(Data shown)

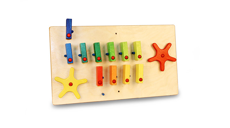 从多米诺系列(一)“快乐的脚步”延伸“你追我赶”多米诺系列(二) ,接着以螺旋式的教具设计,鹰架幼儿的游戏能力,且提供经验的改变与新增,原系列(一)、(二)都是以红色骨牌为第一个骨牌。在(三)“说话的星星”就改换为蓝色为第一个骨牌,当蓝色骨牌被推倒后产生了「雪球运动」物理运动现象,而「雪球运动」即是触动一个事件,然后引发接二连三的事件发生,事件之间互为因果,“说话的星星”就是利用因果关系的游戏原理,当深蓝色的骨牌移动后,牵引蓝色的骨牌倒向蓝绿色、绿色、浅绿色、黄绿色、红色的五角星齿轮、浅黄色、黄色、深黄色、橙色、红色,一直到最后一块红色的骨牌倒下后,触动跟系列(一)(二)一样的黄色五角星齿轮,特别的是在婴幼儿原熟悉的视觉效果产生些微不同的变化,在旧经验上产生新的经验,达到满足预期的黄色五角星齿轮的转动外,还增加红色的五角星齿轮的转动,并且安排在中间,让之前五角星齿轮转动就是最后一个结果,产生了当触及到不同颜色(即橙色)五角星齿轮后,骨牌还继续产生「雪球效应」,这创造出双重因果玩具的游戏心理效果,增强感觉期婴幼儿的因果游戏经验,增进婴幼儿心理发展的特征与敏感期过程的认知层次。
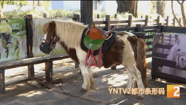 云南野生动物园工作人员 杨羽茜:“别看它矮矮小小,但是可以驮的重量是它体重的2倍,身体也比较结实,性格比较温顺、比较亲人的一种小马,英国以前的贵族就会把它当作孩子的玩伴,和孩子一起成长、一起长大。”
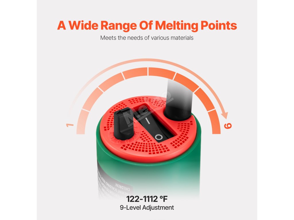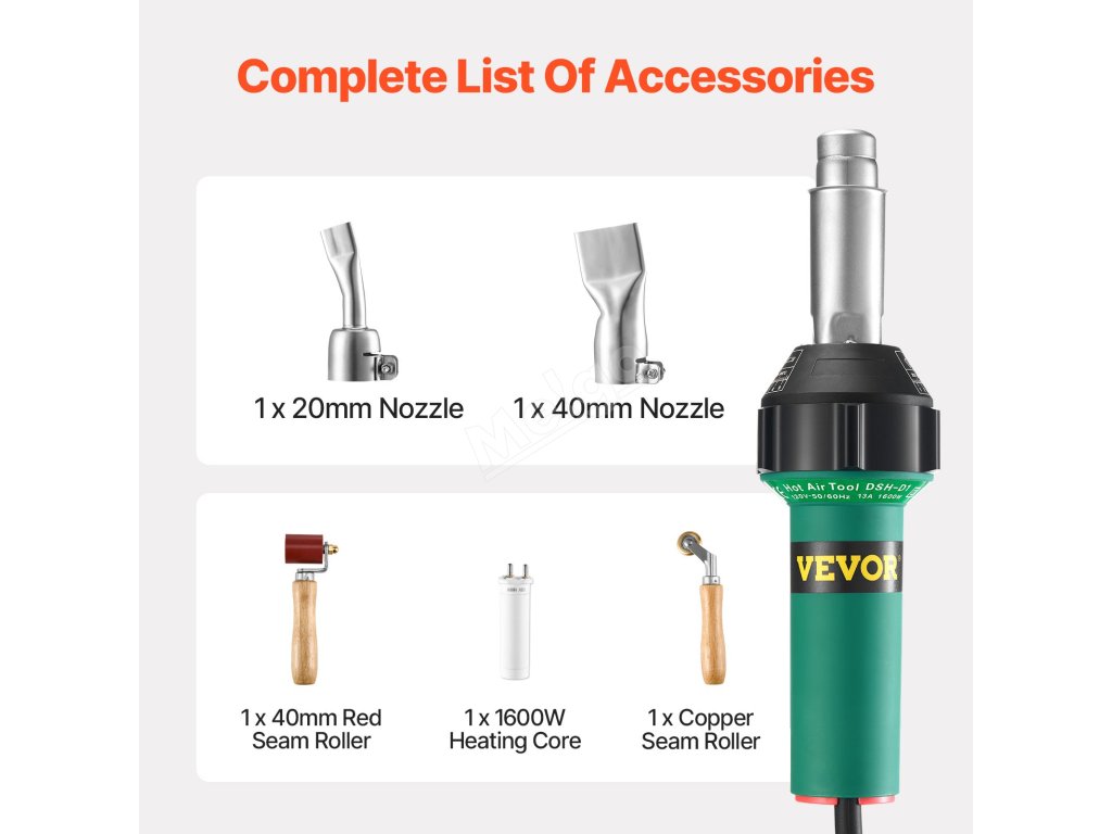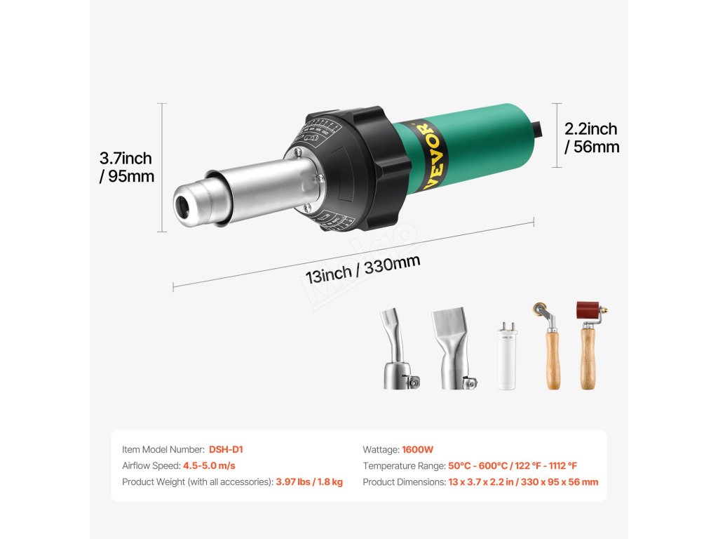 Horúcovzdušná zváračka plastov VEVOR má výkonný 1000W motor z čistej medi, ktorý zabezpečuje rýchle zahrievanie na efektívne zváranie. Obsahuje 2 dýzy, 2 valce na zváranie švov a vykurovacie jadro. Vďaka 9-stupňovej regulácii teploty, účinnému chladeniu a dlhšiemu napájaciemu káblu je ideálna pre začiatočníkov aj profesionálov.

(End Data shown)

▸ Directions for this task
First drop every picture, then print the data above exactly as it stands.

▸ Task result
 从多米诺系列(一)“快乐的脚步”延伸“你追我赶”多米诺系列(二) ,接着以螺旋式的教具设计,鹰架幼儿的游戏能力,且提供经验的改变与新增,原系列(一)、(二)都是以红色骨牌为第一个骨牌。在(三)“说话的星星”就改换为蓝色为第一个骨牌,当蓝色骨牌被推倒后产生了「雪球运动」物理运动现象,而「雪球运动」即是触动一个事件,然后引发接二连三的事件发生,事件之间互为因果,“说话的星星”就是利用因果关系的游戏原理,当深蓝色的骨牌移动后,牵引蓝色的骨牌倒向蓝绿色、绿色、浅绿色、黄绿色、红色的五角星齿轮、浅黄色、黄色、深黄色、橙色、红色,一直到最后一块红色的骨牌倒下后,触动跟系列(一)(二)一样的黄色五角星齿轮,特别的是在婴幼儿原熟悉的视觉效果产生些微不同的变化,在旧经验上产生新的经验,达到满足预期的黄色五角星齿轮的转动外,还增加红色的五角星齿轮的转动,并且安排在中间,让之前五角星齿轮转动就是最后一个结果,产生了当触及到不同颜色(即橙色)五角星齿轮后,骨牌还继续产生「雪球效应」,这创造出双重因果玩具的游戏心理效果,增强感觉期婴幼儿的因果游戏经验,增进婴幼儿心理发展的特征与敏感期过程的认知层次。
 云南野生动物园工作人员 杨羽茜:“别看它矮矮小小,但是可以驮的重量是它体重的2倍,身体也比较结实,性格比较温顺、比较亲人的一种小马,英国以前的贵族就会把它当作孩子的玩伴,和孩子一起成长、一起长大。”
 Horúcovzdušná zváračka plastov VEVOR má výkonný 1000W motor z čistej medi, ktorý zabezpečuje rýchle zahrievanie na efektívne zváranie. Obsahuje 2 dýzy, 2 valce na zváranie švov a vykurovacie jadro. Vďaka 9-stupňovej regulácii teploty, účinnému chladeniu a dlhšiemu napájaciemu káblu je ideálna pre začiatočníkov aj profesionálov.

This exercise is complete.